Camera footage captured the approach of the large funnel cloud.
Mobile was the biggest city hit by numerous
twisters. Along with brutal, straight-line winds, the storms knocked
down countless trees, blew the roofs off homes and left many Christmas
celebrations in the dark. Torrential rains drenched the region and
several places saw flash flooding.
More than 750 flights around the U.S. were canceled
as of Wednesday morning, according to the flight tracker
FlightAware.com. The cancelations were mostly spread around airports
that had been or soon would be in the path of the storm.
Holiday travelers in the nation's much colder
midsection battled treacherous driving conditions from freezing rain and
blizzard conditions from the same fast-moving storms. In Arkansas,
highway department officials said the state was fortunate the snowstorm
hit on Christmas Day when many travelers were already at their
destinations.
Two passengers in a car on a sleet-slickened
Arkansas highway died Wednesday when the vehicle crossed the center line
and struck an SUV head-on. In Oklahoma, the Highway Patrol said a
76-year-old Wisconsin woman died Tuesday when the car she was riding in
was hit head-on by a pickup truck on Interstate 44.

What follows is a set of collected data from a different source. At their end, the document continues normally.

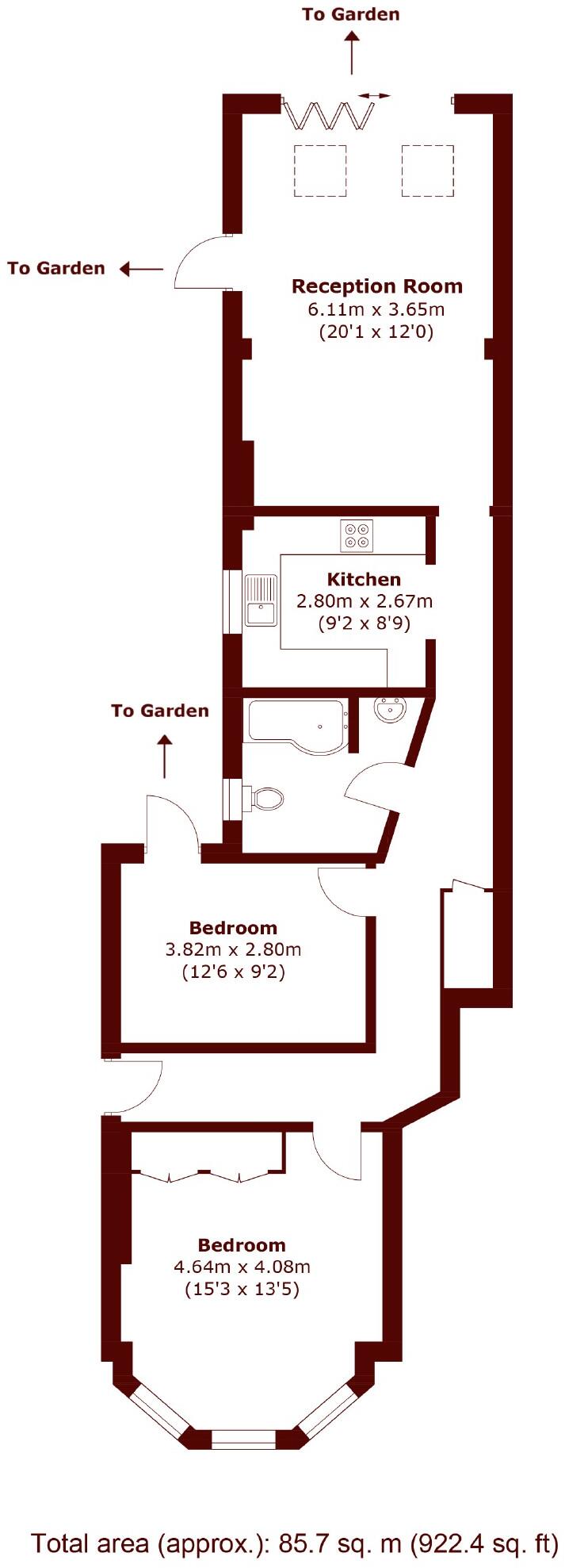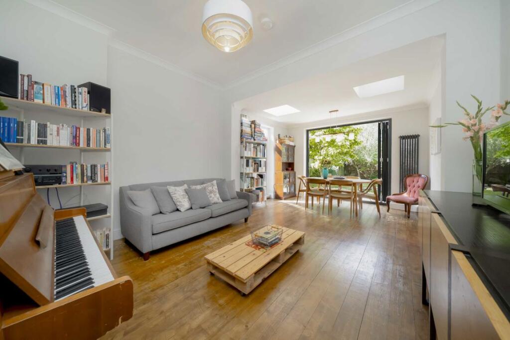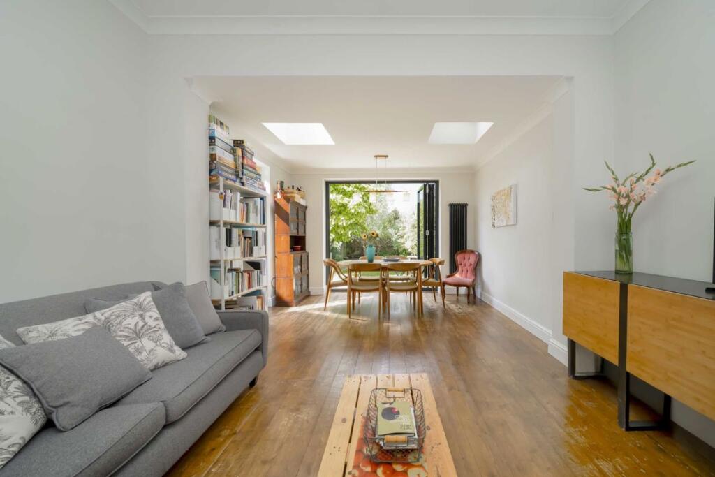 This charming, two-bedroom ground floor garden flat comprises a spacious reception room with bifold doors leading out to a private, south-west facing garden, a separate kitchen with integrated appliances, two great sized bedrooms and a four-piece family bathroom.
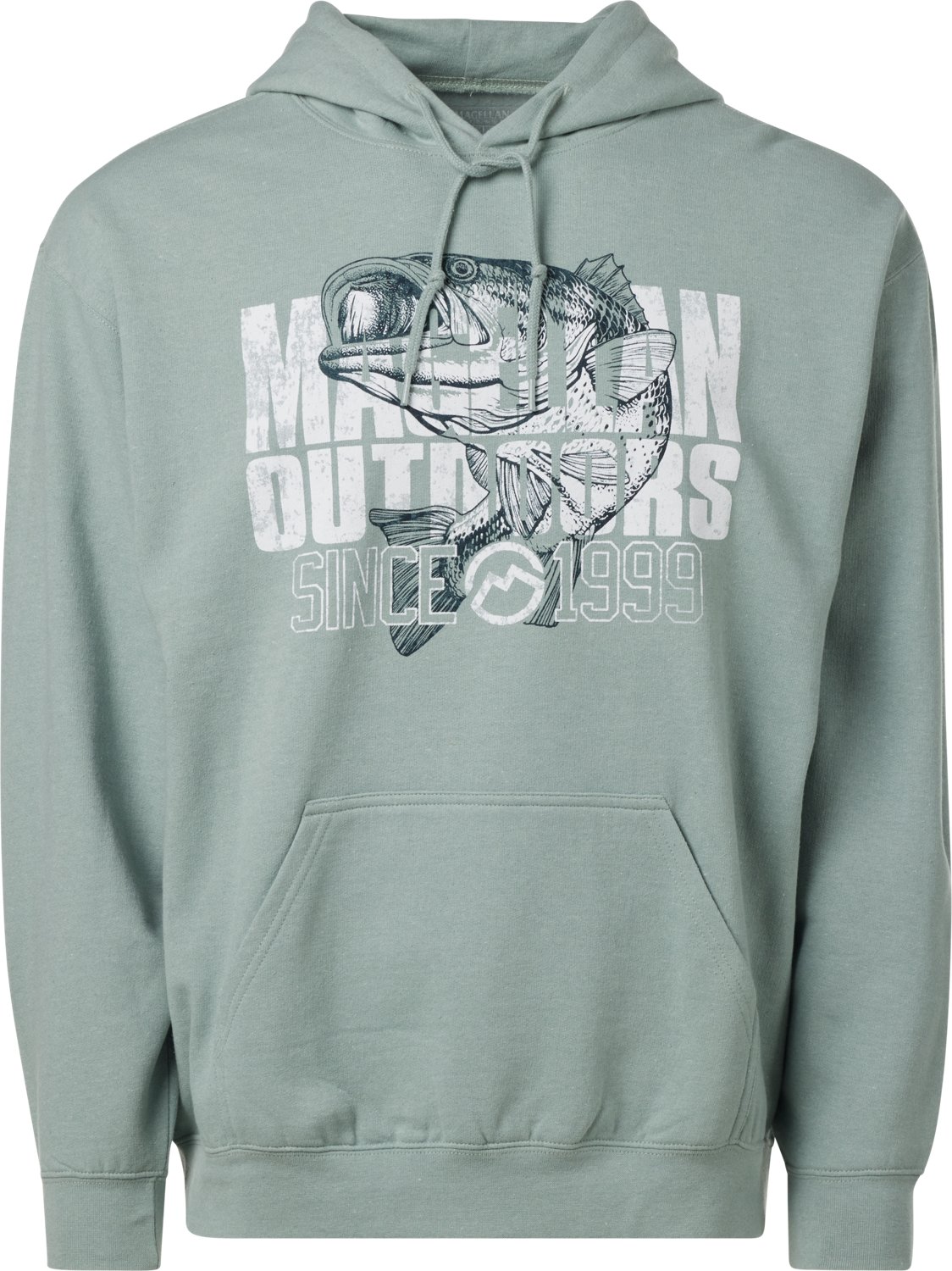 Magellan Outdoors graphic screen-printed on chest with large bass
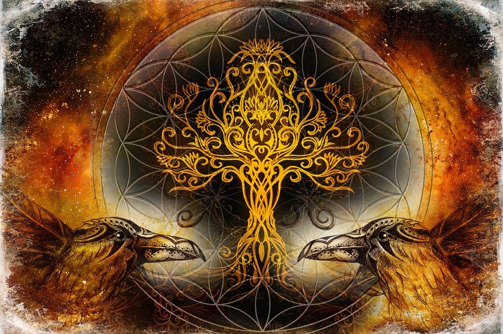 Αυτοκόλλητη ταπετσαρία κοράκια και το δέντρο της ζωής
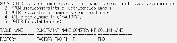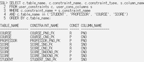 WHERE c.constraint_name = s.constraint_name // 이름이 같은 부분에 대해서만 검색
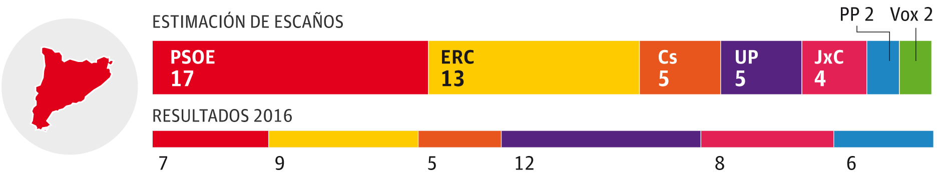 La resurrección de los socialistas catalanes augura una lucha intensa con Esquerra Republicana por ser la primera fuerza política en Cataluña. Según la encuesta de GAD3, el PSC alcanzaría los 17 diputados, un resultado que le acerca a sus mejores momentos electorales en una comunidad autónoma que apuntaló junto a Andalucía cada una de sus victorias electorales del pasado. Los republicanos se quedarían en 13 representantes, si bien se consolidan como primera opción independentista ante un Junts per Catalunya que se queda en tan solo cuatro. La lista apadrinada por Carles Puigdemont corre peligro de caer en la irrelevancia, lo que amenazaría con abrir una guerra interna en la antigua Convergència. Por contra, un buen resultado de Esquerra podría convertir a esta formación en socio indispensable de un futuro Ejecutivo de Pedro Sánchez. De momento Oriol Junqueras ya ha adelantado que no impondrá líneas rojas a cambio de apoyar la investidura del candidato socialista. Ciudadanos estaría en el camino de la decepción. Los liberales fueron los más votados en las últimas autonómicas, pero el 28-A se quedaría en los cinco escaños que ya obtuvo en 2016. No le va mejor a Unidas Podemos, que de partido más votado en las anteriores generales sería ahora el tercero o cuarto, con los mismos cinco diputados que los de Albert Rivera.
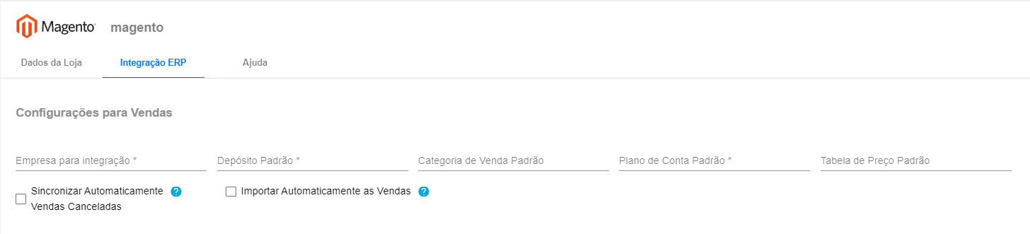 A seguir, vá até a aba Integração ERP e preencha os seguintes dados:
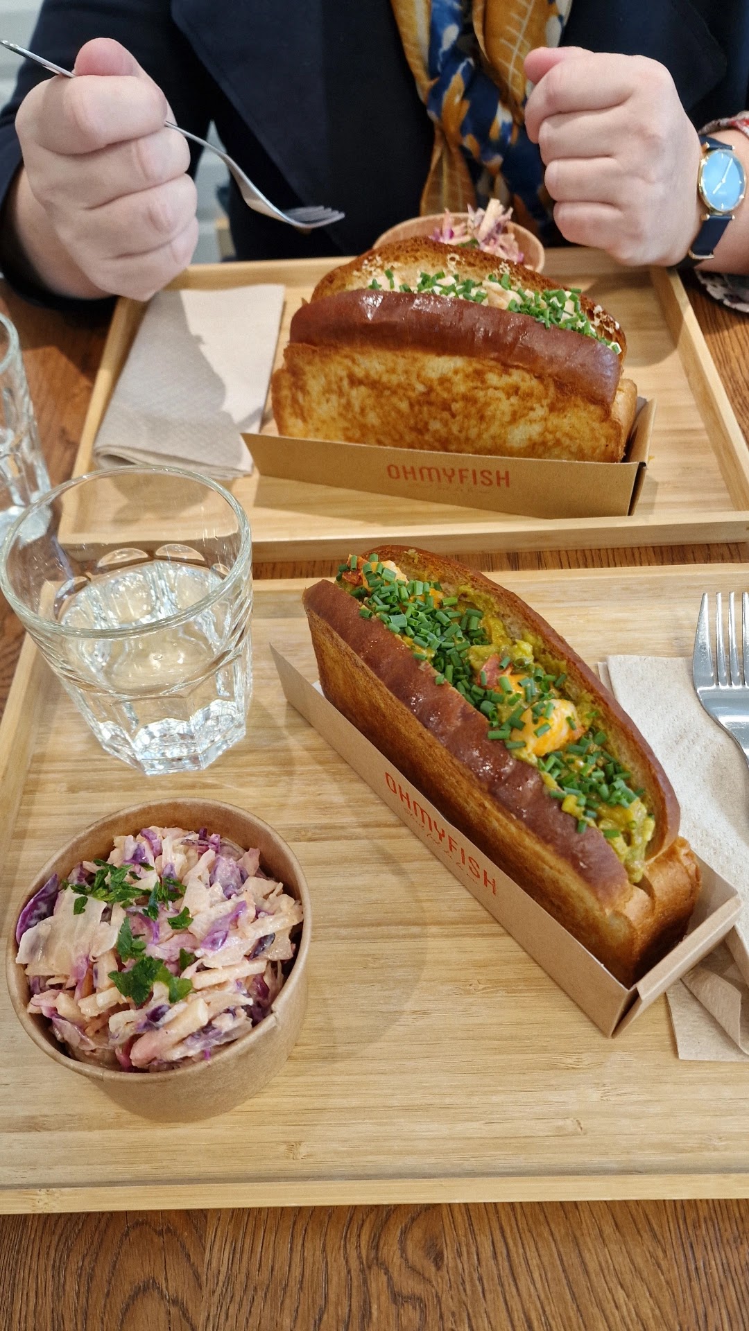 On a mangé une première fois chez Oh My Fish a leur ouverture, on avais eu un avis un peu mitigé. Nous y sommes retournés (toujours à emporter) pour retenter l’expérience. - Le shrimp: garnitures qui se marient bien ensemble, un guacamole savoureux et bien relevés, le piquant du chorizo et quelques crevettes - Le salmon: généreux sur la proportion de saumon mais une crémé de chèvre fade, manque d’adicité et de peps Les deux pains briochés étaient trop grillés, on ne retrouve pas le côté moelleux et gourmand, et pour nous c’est ce qui fait toute la différence avec la première fois. - Le coleslaw: bien équilibré dans les saveurs mais assez pâteux en bouche, proportion correcte L’accueil y est toujours chaleureux mais un peu trop élevé pour le rapport qualité prix et quantité. Décevant !
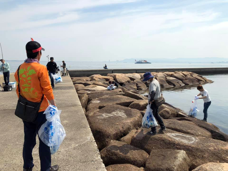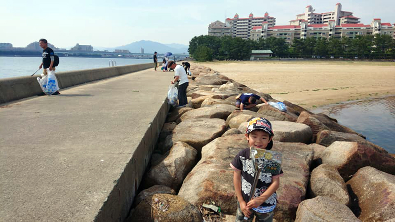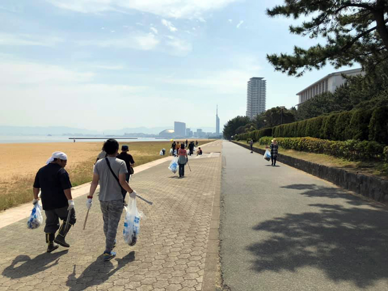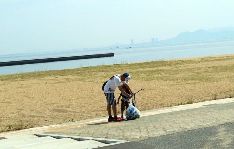 愛宕浜マリナタウにて行いました。5月とはいえ日差しはかなり厳しく参加者の皆さん汗をかきながらの活動だったと思います。
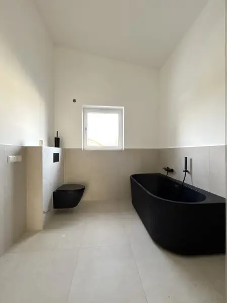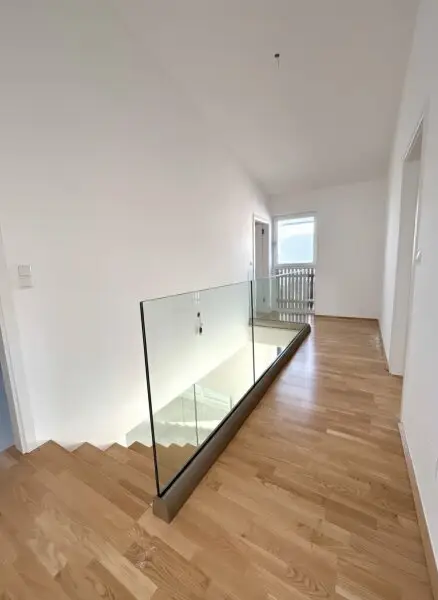 Die Häuser werden mit langlebigen Kunststoff-Alu-Fenstern und einer massiven Alu-Haustüre ausgestattet. Elektrische Rollläden helfen Ihnen nicht nur ungewünschten Lichteinfall zu verhindern, sondern auch dabei, das Raumklima an heißen Tagen oder kalten Nächten auf einem angenehmen Niveau zu halten. Eine moderne, effiziente Luftwärmepumpe sorgt dabei für wohlige Wärme.
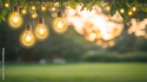 Warm glowing garden lights strung in outdoor space creating a cozy atmosphere

The Oklahoma Highway Patrol had earlier reported
that a 28-year-old woman was killed in another crash Tuesday on a snowy
highway. The storm's winds were blamed Tuesday for toppling a tree onto a
pickup truck in Texas, killing the driver, and another tree onto a
house in Louisiana, killing a man there.
Trees fell on homes and across roadways in several
communities in southern Mississippi and Louisiana. Mississippi Gov. Phil
Bryant declared a state of emergency, saying eight counties reported
damages and some injuries.
It included McNeill, where a likely tornado damaged
a dozen homes and sent eight people to the hospital, none with
life-threatening injuries, said Pearl River County emergency management
agency director Danny Manley.
The snowstorm that caused numerous accidents pushed
out of Oklahoma late Tuesday, carrying with it blizzard warnings for
parts of northeast Arkansas, where 10 inches of snow was forecast.
Freezing rain clung to trees and utility lines in Arkansas and winds
gusts up to 30 mph whipped them around, causing about 71,000 customers
to lose electricity for a time.
Christmas lights also were knocked out with more
than 100,000 customers without power for at least a time in Texas,
Arkansas, Oklahoma, Mississippi, Louisiana and Alabama.
Blizzard conditions were possible for parts of
Illinois, Indiana and Kentucky up to Cleveland with predictions of
several inches to a foot of snow. By the end of the week, that snow was
expected to move into the Northeast with again up to a foot predicted
Jason Gerth said the Mobile tornado passed by in a
few moments and from his porch, he saw about a half-dozen green flashes
in the distance as transformers blew. His home was spared.
"It missed us by 100 feet and we have no damage," Gerth said.